AiBinews 19 luglio 2019

www.aibi.it/ita/marco-griffini-ai-bi-alcune-ong-straniere-danneggiano-il-terzo-settore-in-italia

 

“Perché strumentalizzare il Sostegno A Distanza per fini politici?”

Il presidente di Amici dei Bambini: “Non riteniamo etico strumentalizzare una forma di accoglienza bellissima come il Sostegno a Distanza per portare avanti una battaglia politica per presunti diritti degli adulti”.

            “Chi ha come missione l’accoglienza dei bambini abbandonati del mondo sa benissimo che questi hanno bisogno di un padre e una madre. Il Sostegno a Distanza non c’entra assolutamente nulla con le battaglie politiche per presunti diritti degli adulti e men che meno con l’adozione per le coppie omosessuali. Non può essere strumentalizzato in questo modo”. Lo dichiara il presidente di Ai.Bi. – Amici dei Bambini, Marco Griffini, a proposito della campagna #ognicoppiapuò di ActionAid, che utilizza anche le immagini dei due vicepremier del Governo Conte, Luigi Di Maio e Matteo Salvini.

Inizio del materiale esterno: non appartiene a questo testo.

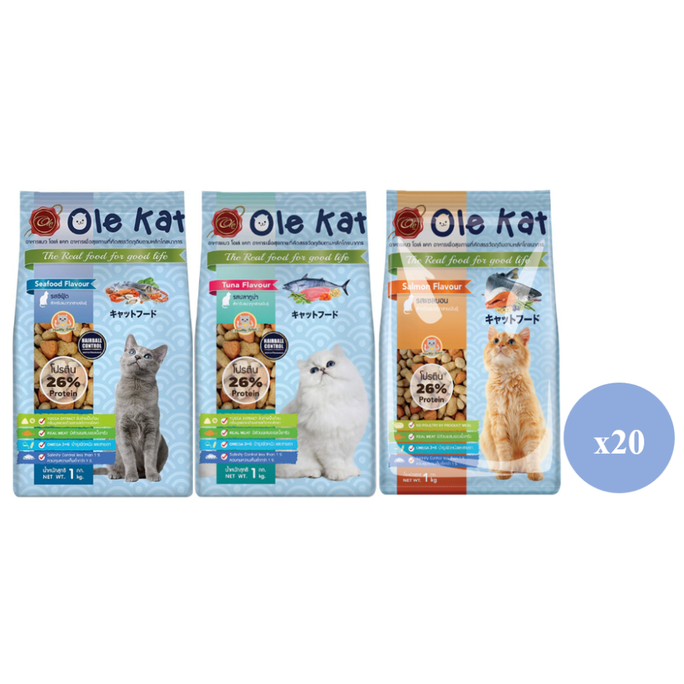 Ole Kat แมวโต แบบเม็ด 3 สี (1 กก.) แบบยกกระสอบ บรรจุ 20 ถุง

“Riteniamo che non sia etico – ha dichiarato il presidente di Ai.Bi. – strumentalizzare una forma di accoglienza pura e bellissima, come il Sostegno a Distanza, per altre finalità, come quella di rilanciare il tema della adozione alle coppie omosessuali. Il SAD non ha nulla a che fare con l’adozione, nazionale o internazionale. E comunque chi ha competenza nella materia delle misure di protezione dell’infanzia sa che il vero diritto di questi minori è di vivere non con una ‘coppia qualsiasi’, quello semmai è un capriccio degli adulti, ma con una mamma e papà, potendo così sviluppare relazioni positive tanto con la figura femminile quanto con quella maschile. Figure entrambe necessarie e complementari nello sviluppo armonico di un bambino che quasi sempre si porta dietro i traumi dell’abbandono materno e paterno”

            “Siamo francamente rammaricati – ha aggiunto Griffini – di come le multinazionali della solidarietà utilizzino il SAD: da quando sono intervenute in Italia, che, ricordiamolo, è il Paese che 50 anni fa ha inventato questa forma di solidarietà, hanno trasformato quello che era (e deve rimanere) una relazione di accoglienza fra un sostenitore e un ‘bambino lontano’ o una comunità in una mera raccolta fondi, ricorrendo, senza alcuna remora, all’acquisizione di spazi pubblicitari a pagamento. E anche questa iniziativa ne è una dimostrazione”.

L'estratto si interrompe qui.